The type of plyometric we use really depends on the tendon we are rehabbing. I tend to lean on Matt McInness Watson’s work (The Plyo Guy) to inform my plyometric prescription. As a general rule, I think it is best to build volume first before adding intensity. As intensity increases, we should drop volume.
In this phase, I also start gentle change of direction drills. I like the agility ladder because we are working on motor planning and controlled movements. We can easily progress this with increasing effort over the course of time. I also work on deceleration drills (starting slow and increasing speed and momentum), and 45 degree → 90 degree → 180 degree cuts.
Stage 4: Return to Running / Agility
Running is both a goal and a form of tendon loading in its own right. I frame return to running as:
Build volume first, then intensity. This mirrors ACWR-based load management principles.
Pull back on plyometric volume as running volume increases. Total tendon load is additive — don't stack too many high-demand activities simultaneously.
Maintain HSR throughout. Strength training doesn't stop when running returns; it continues as the long-term strategy for tendon health.

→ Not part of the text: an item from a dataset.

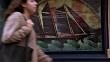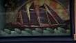 MEDIUM ANGLE OF LARGE SHIP IN DISPLAY WINDOW IN FRONT OF STORE. SEE SHIP MOVE UP AND DOWN AS IF SAILING THROUGH WATER. SEE PEDESTRIANS WALK IN FRONT OF DISPLAY IN FOREGROUND.
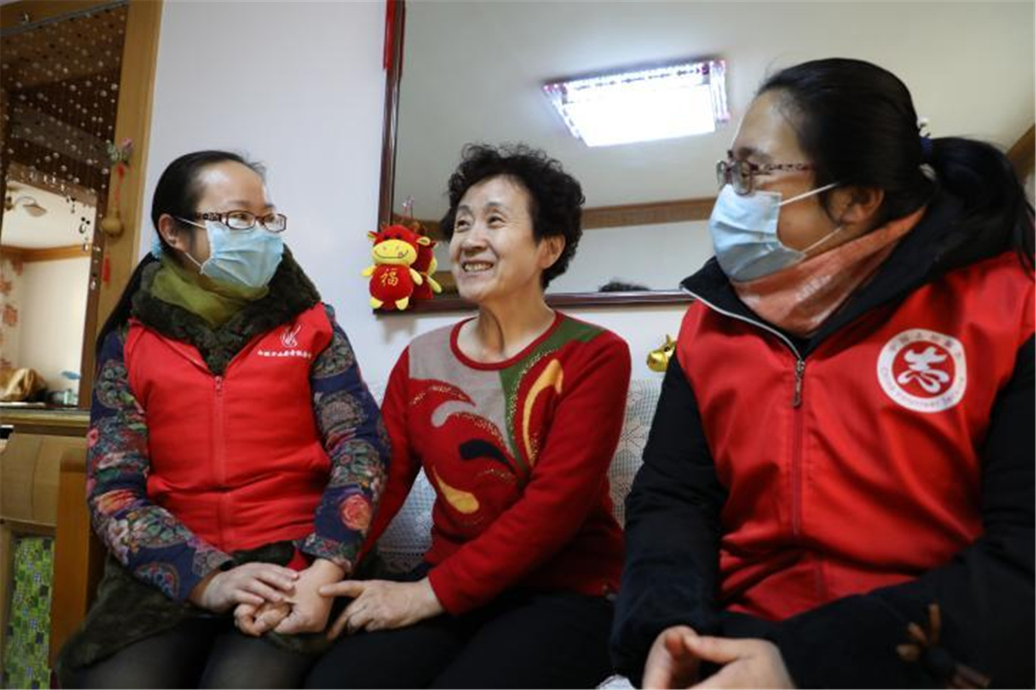 社区工作人员孙微玲(左一)、狄维娟(右一)为周桂珍送来年货和春联。新华社记者任延昕 摄

In terms of running prescription, it depends what type of sport the athlete is getting back to. If they are a runner, they really only need to get back to sagittal plane running. In most cases, I will start with walk:run progressions, reducing walking and increasing running until we are able to perform continuous runs. Once this is well tolerated, I will add in speed and tempo work.
For field or court sport athletes we need to get back to acceleration runs, top-end speed / build up runs, and continuous running as well as curvilinear running. We also turn out change of direction work into more traditional agility drills, with reaction to stimuli and changing environments.
Again, in this phase we try to maintain the qualities we built up in the previous stages, not stop them all together. But as running volume increases, we can’t also keep lifting and plyometric volume high. We just need to be calculated here and not layer stress on top of stress.
Modifying Aggravating Factors
Alongside the loading program, we need to address what's driving the tendinopathy in the first place. Tendons experience three types of load:
Tensile: Longitudinal pull along the collagen fibers. This is the dominant load and what tendons are built to handle.
Shear: Fibers gliding past each other; relevant in peritendon pathology.
Compression: Perpendicular force at entheses and bony prominences. This is the most clinically underappreciated — and often the primary driver at insertional sites like the insertional Achilles and proximal hamstring origin.
For insertional tendinopathies, compressive loads (stretching into end-range dorsiflexion for insertional Achilles, hip flexion for proximal hamstring tendinopathy) often need to be modified early. This is sometimes counterintuitive for patients who have been told to "stretch more." But there isn’t much sense in starting a loading program (adding stress), if we haven’t removed the proverbial ‘rock from the patient's shoe’.
Summary
Tendinopathy rehab is not complicated in principle. The hard part is managing patient expectations, keeping people moving when their instinct is to stop, and resisting the urge to chase passive interventions when the evidence keeps pointing back to progressive loading. Tendon rehab takes time, and fully resolving issues requires persistence.